What you have to do ▸
Take the line containing "Im Jahre 1758" and every line after it to the end of the records, and copy them exactly, leaving out pictures.

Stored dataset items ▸
=== Section Start ===
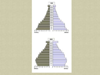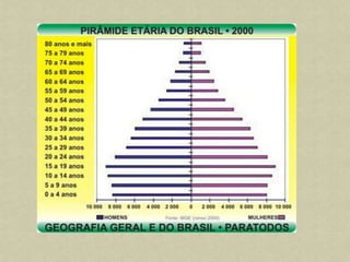 O documento discute o envelhecimento da população brasileira, com destaque para os estados da Bahia, São Paulo e Minas Gerais que têm as maiores concentrações de pessoas com 100 anos ou mais. Também menciona que a cidade de São Paulo tem 1.027 centenários e lista consequências e objetivos relacionados ao envelhecimento da população como a adaptação da cidade e a promoção de uma vida saudável e ativa para os idosos.
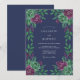 A deep navy blue backdrop sets a moody tone for this design, which features a lush arrangement of watercolor roses in shades of plum and emerald green. Intricate foliage and verdant leaves accent the design, creating a rich and sophisticated botanical look. Ideal for an elegant winter evening, the artwork combines classic floral motifs with a bold, dark palette.
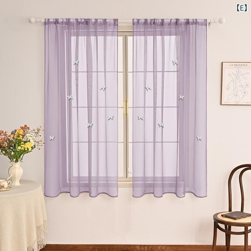 レースカーテン 竿通し 突っ張り棒式 無地 半遮光 ポリエステル モダン シンプル リビング 寝室 ダブル立体蝶ブローチ飾り 多色展開
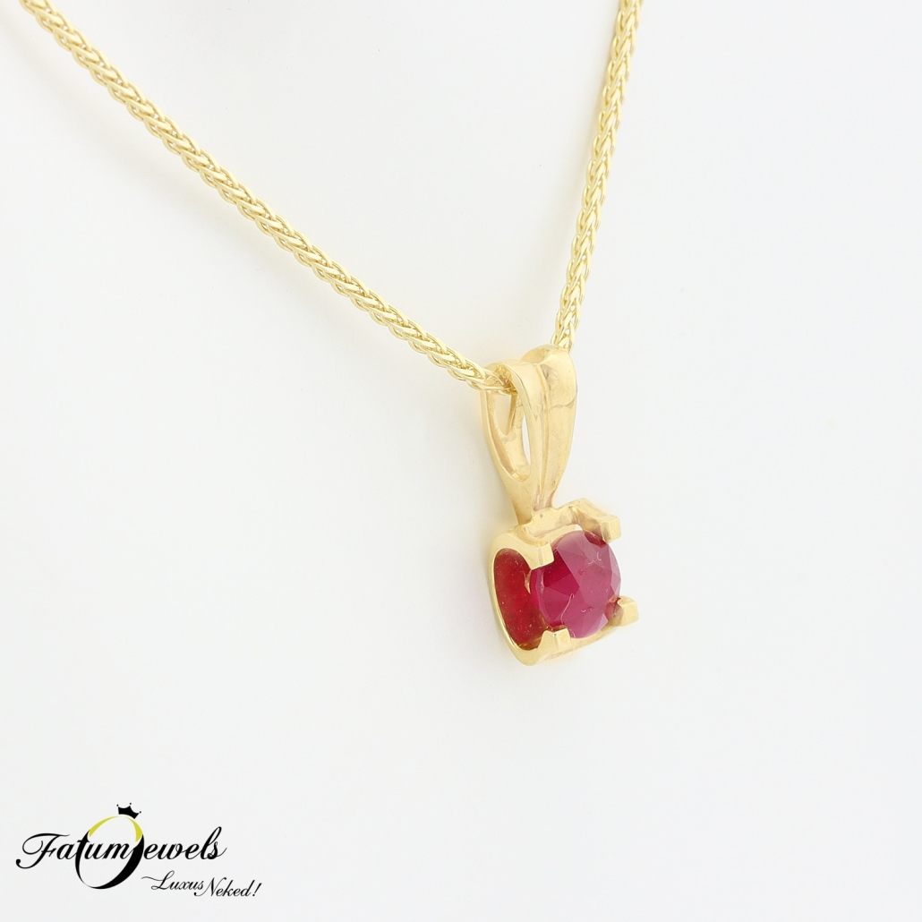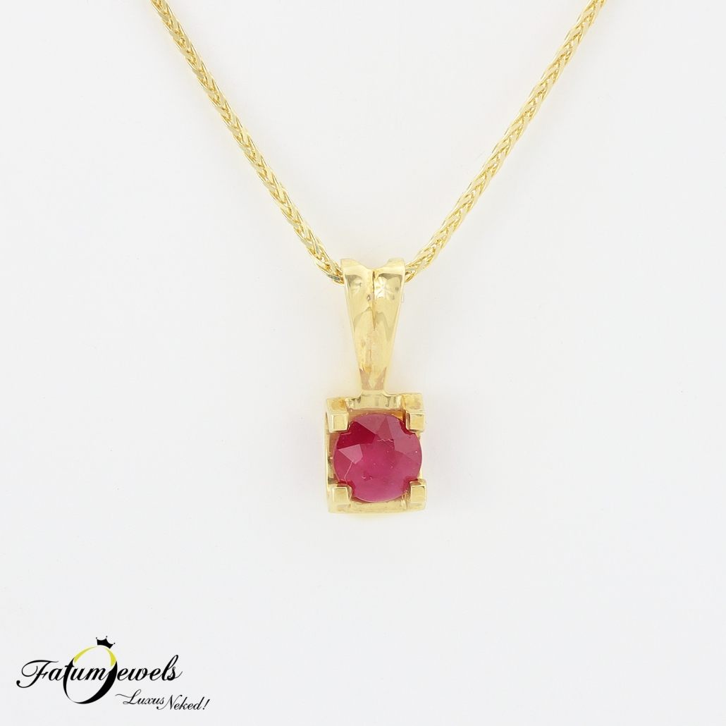 A sárga arany rubin medál modern, mégis időtlen stílusát a négyzetes hatású foglalat adja, amely diszkréten öleli körül a drágakövet, kiemelve annak mély, vörös színét. Ez a letisztult forma tökéletesen illeszkedik a mindennapi viselethez és az alkalmi eleganciához egyaránt.
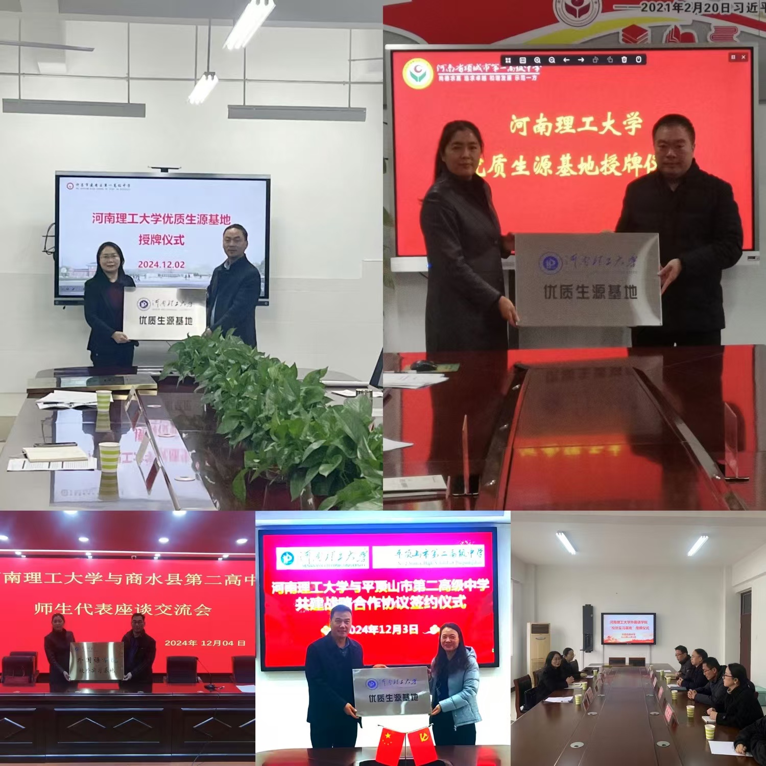 为积极应对河南省考试招生改革,进一步提高生源质量,我院深入贯彻《河南理工大学2025年本科招生宣传工作方案》的精神,积极、主动对接优质生源高中。12月2日至12月5日期间,我院党委书记许荣梅、院长李惠敏及副院长吴敏分别率领三批招生宣传工作小组,前往周口、许昌、平顶山市,走访了项城市第一高级中学、商水县第二高级中学、许昌高级中学、许昌市建安区第一高级中学以及平顶山市第二高级中学等五所生源高中。
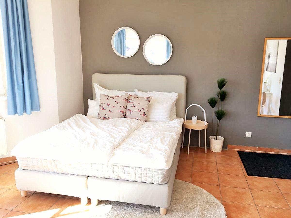 Im Schlafbereich steht Ihnen ein bequemes Boxspringbett (1,60 m breit) zur Verfügung. Für einen guten Schlafkomfort verfügt das Appartement über Verdunkelungsvorhänge.
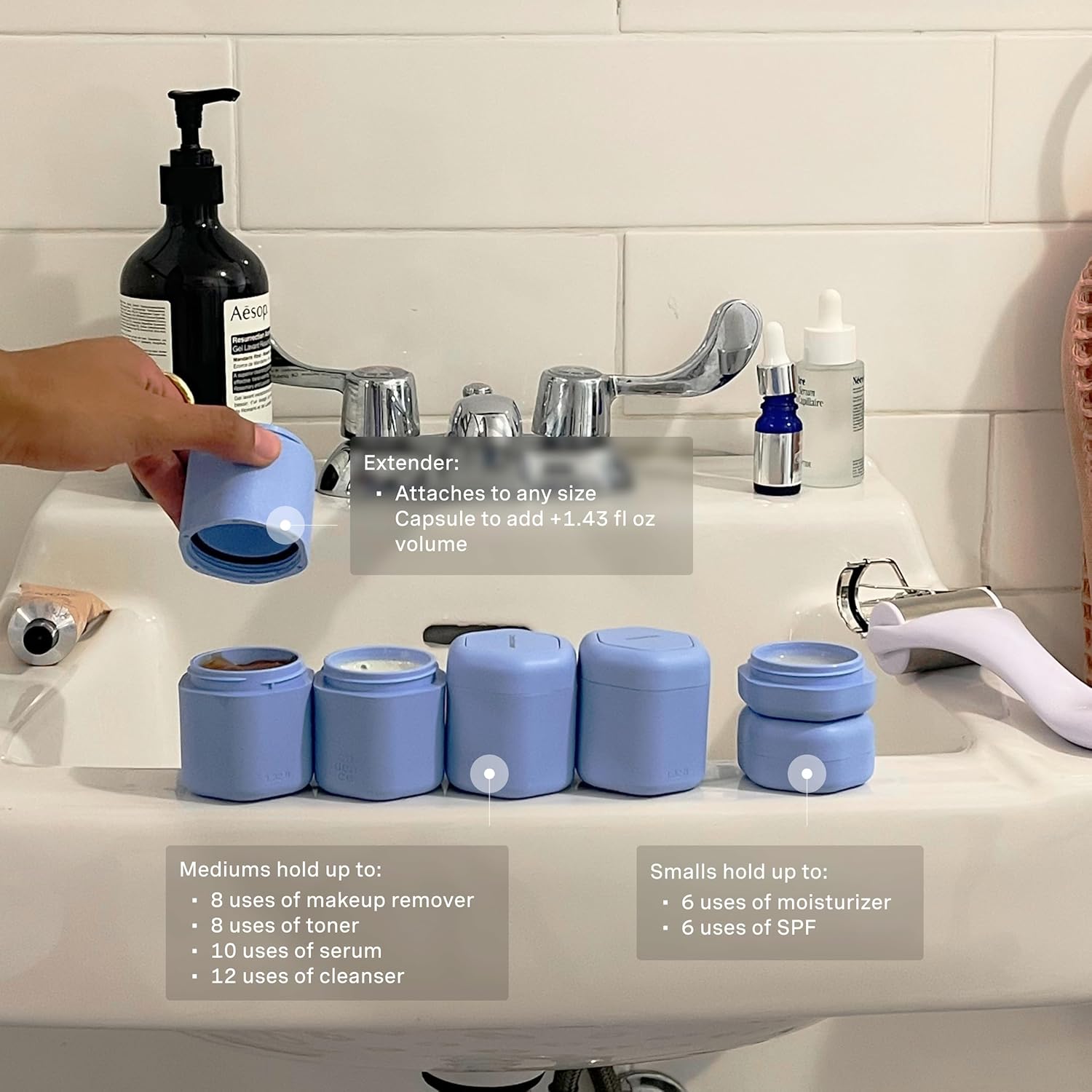 Cadence Travel Containers - Full Skincare Set - Magnetic Containers with Lids,Carry On Travel Essentials For Women/Men - 2 Small (0.56oz), 4 Medium Capsules (1.32oz), & Extender (1.43oz) - Pacific
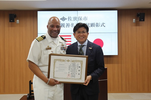 「佐世保市国際親善名誉市民」の称号を授与した米国海軍佐世保基地司令官デイビッド・J・アダムス大佐と記念撮影をする市長
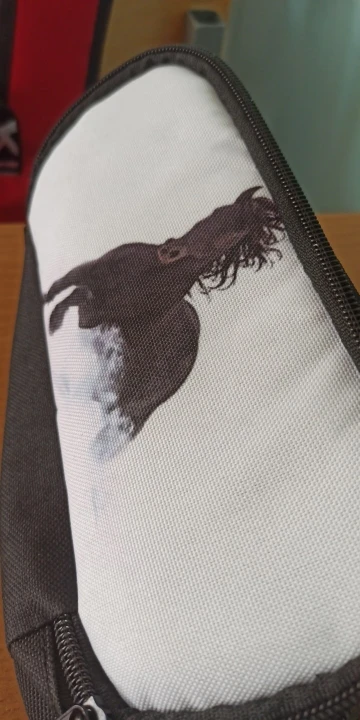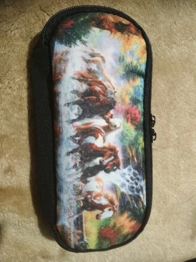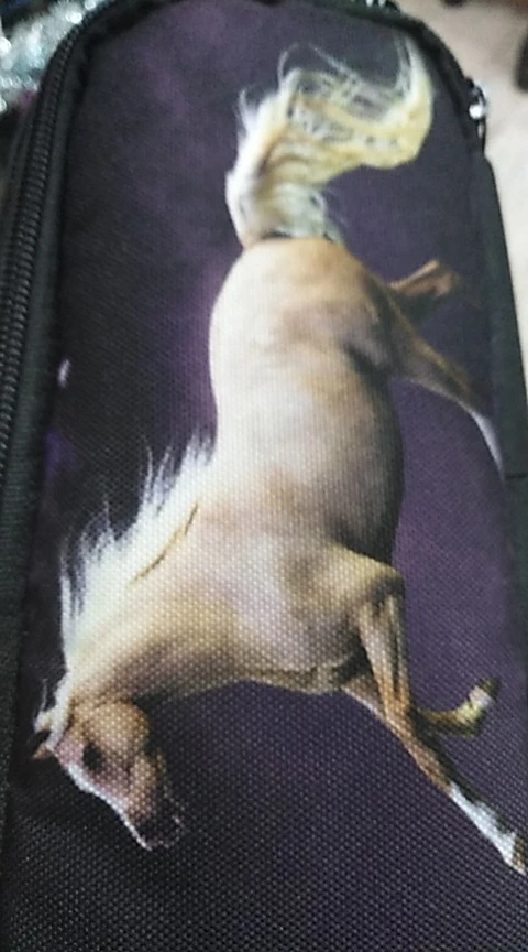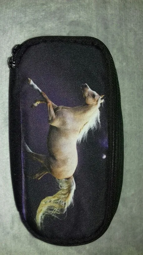 Обычный тряпочный пенал. Лошадка яркая. Много в него не влезет
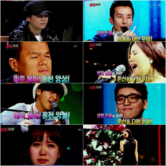 SBS '서바이벌 오디션 K팝 스타 시즌3'(이하 K팝 스타3)는 지난 15회 분에서 최강자들이 한데 모인 ‘죽음의 A조’ 경연을 담아낸 상황. 권진아, ‘짜리몽땅(여인혜-박나진-류태경)’, ‘Almeng(최린-이해용)’이 각 1-2-3위를 차지하며 TOP8에 직행하고, 버나드 박과 샘김이 탈락 후보로 뽑히는 ‘전율의 반전극’이 시청자들을 경악시켰던 바 있다.
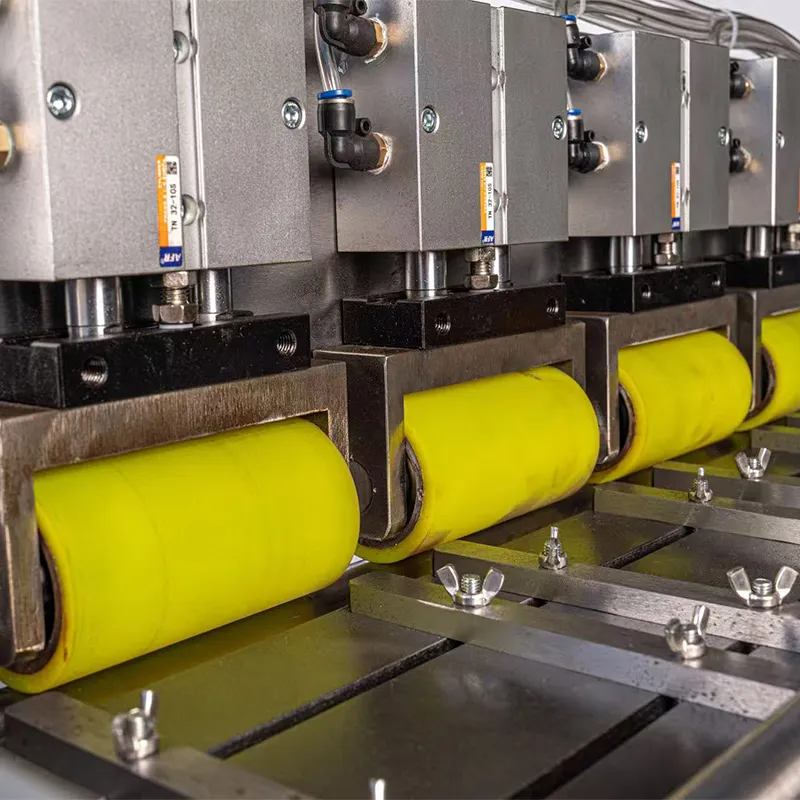 Назначение: Оборудование ориентировано на промышленное серийное производство. Совместимо с вальц-станком для оребрения модели 500 и сервоприводной отрезной машиной модели 500. Вмещает четыре рулона алюминиевой фольги толщиной 0,15–0,5 мм или медной фольги толщиной 0,12–0,35 мм (максимальный вес одного рулона ≤800 кг). Применяется для обработки рёбер теплообменников в крупных чиллерах и судовых радиаторах. Благодаря ротации четырёх рулонов и интеллектуальной системе планирования обеспечивается до 12 часов непрерывной работы, что значительно снижает трудозатраты на замену материала.
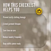 Your clothes work hard for you — it’s time to return the favor. Download the Checklist: Wardrobe Wizardry: Your Ultimate Fashion Care Spellbook now and start practicing Fashion Care 101: Make Your Clothes Last like a true style sorcerer. Click “Add to Cart” and give your wardrobe the magic it deserves!
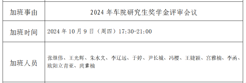 BB贝博艾弗森官网2024年车院研究生奖学金评审会议加班误餐公示
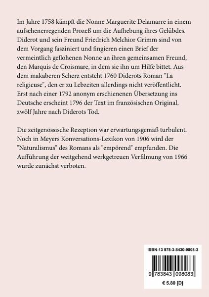 Im Jahre 1758 kämpft die Nonne Marguerite Delamarre in einem aufsehenerregenden Prozeß um die Aufhebung ihres Gelübdes. Diderot und sein Freund Friedrich Melchior Grimm sind von dem Vorgang fasziniert und fingieren einen Brief der vermeintlich geflohenen Nonne an ihren gemeinsamen Freund, den Marquis de Croismare, in dem sie ihn um Hilfe bittet. Aus dem makaberen Scherz entsteht 1760 Diderots Roman "La religieuse", den er zu Lebzeiten allerdings nicht veröffentlicht. Erst nach einer 1792 anonym erschienenen Übersetzung ins Deutsche erscheint 1796 der Text im französischen Original, zwölf Jahre nach Diderots Tod.
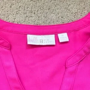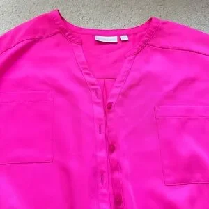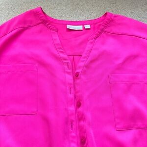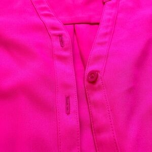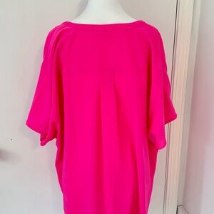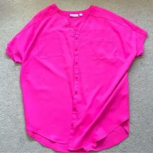 Short sleeve blouse from belle by Kim gravel size XL, vibrant hot pink color great for summer, button up front, very versatile could be worn as a top or swim cover up, made in Indonesia, brand new without tags
=== Section End ===
Solution to the exercise ▸
 Im Jahre 1758 kämpft die Nonne Marguerite Delamarre in einem aufsehenerregenden Prozeß um die Aufhebung ihres Gelübdes. Diderot und sein Freund Friedrich Melchior Grimm sind von dem Vorgang fasziniert und fingieren einen Brief der vermeintlich geflohenen Nonne an ihren gemeinsamen Freund, den Marquis de Croismare, in dem sie ihn um Hilfe bittet. Aus dem makaberen Scherz entsteht 1760 Diderots Roman "La religieuse", den er zu Lebzeiten allerdings nicht veröffentlicht. Erst nach einer 1792 anonym erschienenen Übersetzung ins Deutsche erscheint 1796 der Text im französischen Original, zwölf Jahre nach Diderots Tod.
 Short sleeve blouse from belle by Kim gravel size XL, vibrant hot pink color great for summer, button up front, very versatile could be worn as a top or swim cover up, made in Indonesia, brand new without tags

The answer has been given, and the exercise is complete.